In 1909, Frank Marshall was overwhelmingly the strongest American player of the time and given that Showalter had stopped playing competitively five years previously, the title was somewhat in limbo.  It was ultimately decided that Showalter would either defend his title against the much younger Marshall or relinquish it of his own accord.  Showalter decided to play and was eventually overcome by the score of 2 wins, 7 losses, and 3 draws.

He took yet another hiatus of six years after losing the match, returning at the 1915 Western Open in Excelsior, Minnesota and promptly winning first place.  He then stayed active in chess for several years, playing in the strong Western Opens (2nd place in 1916 and 1917).   His last tournament was the 1926 Western Open in Chicago at the ripe old age of 67.  He finished toward the bottom of standings, but was able to muster up one more brilliant win against strong American player, Edward Lasker.
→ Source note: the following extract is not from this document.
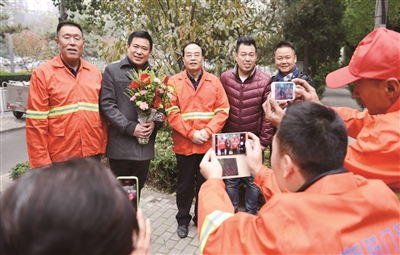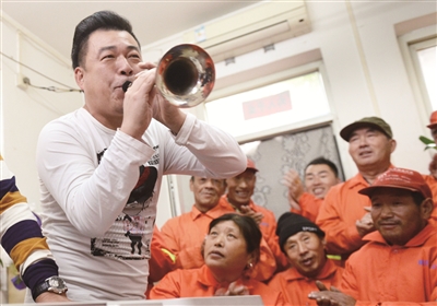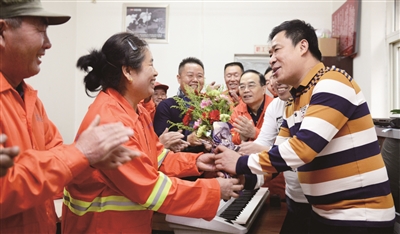 11月10日,由褚柏林带领的艺术家三人小组,来到北京环连环保洁服务公司,把一台精彩的文艺节目献给环卫工人。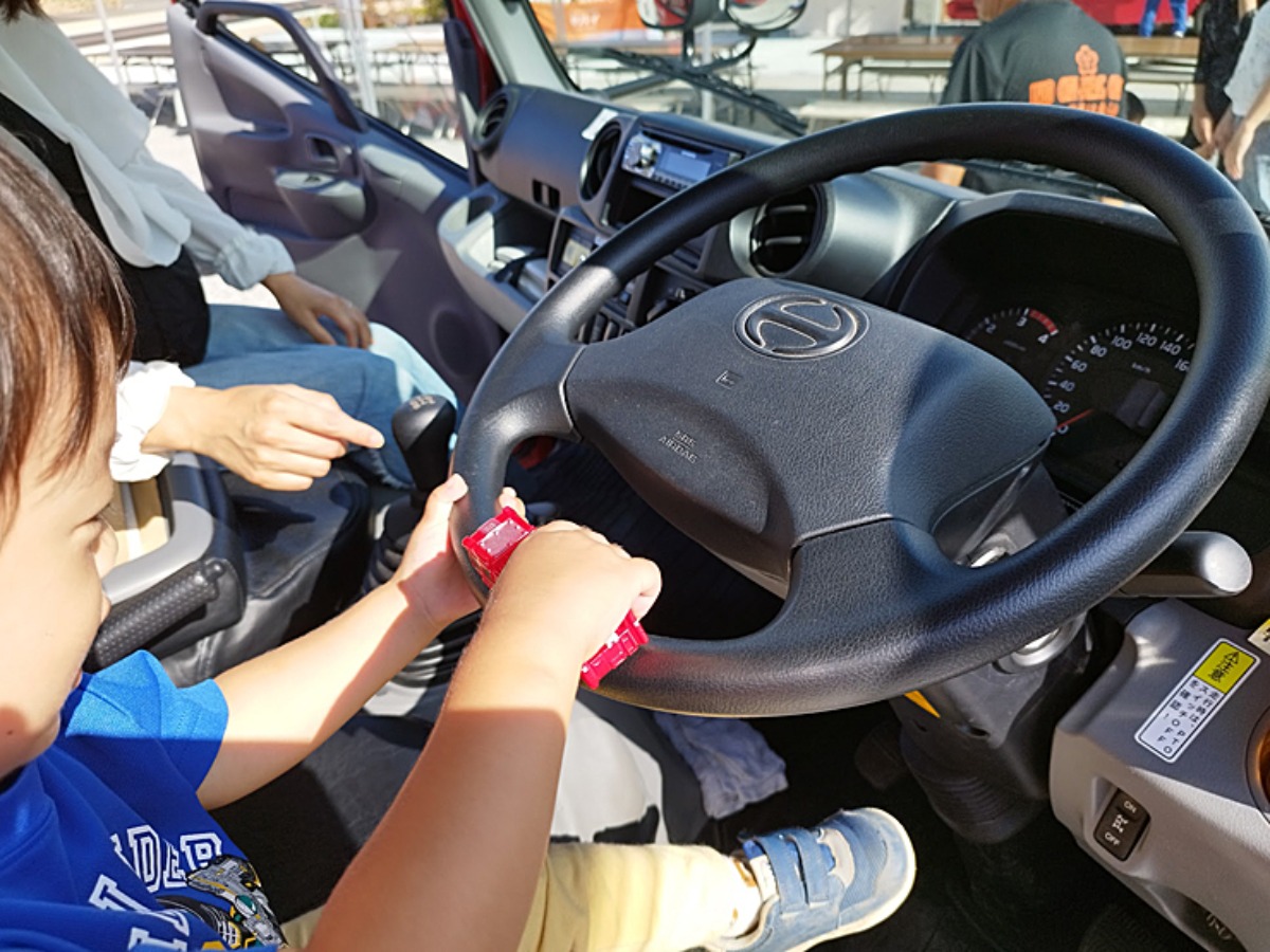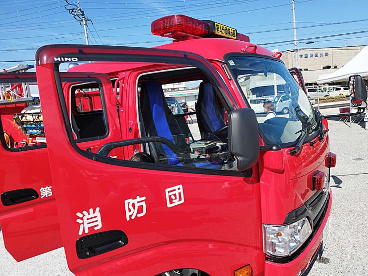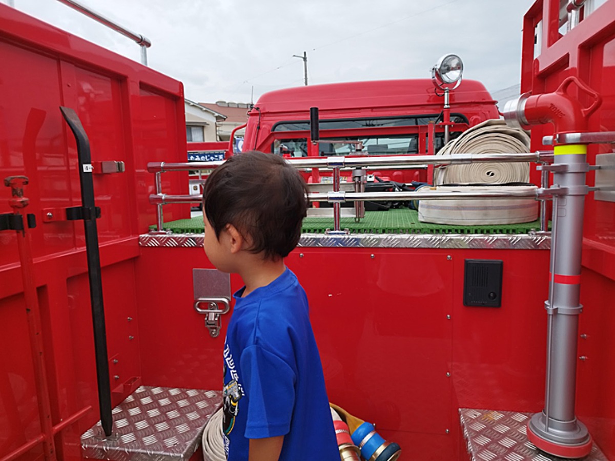間近で見られるのは勿論、消防団の方々がアシストしてくれて消防車の乗車体験をさせてもらえました。

Showalter happily lived out his remaining years surrounded by family at his Georgetown farm.  He was often seen on the rooftops in town or out in his field with a table and board, playing chess with friends and family.  He passed away on his birthday (February 5th) in 1935 at the age of 76.

Jackson W. Showalter loved life, family, chess, and cigars.  He was also very well liked and respected by his counterparts.  Former world champion William Steinitz was once affectionately quoted as saying that Showalter was “one of only six men from whom he would accept a cigar.”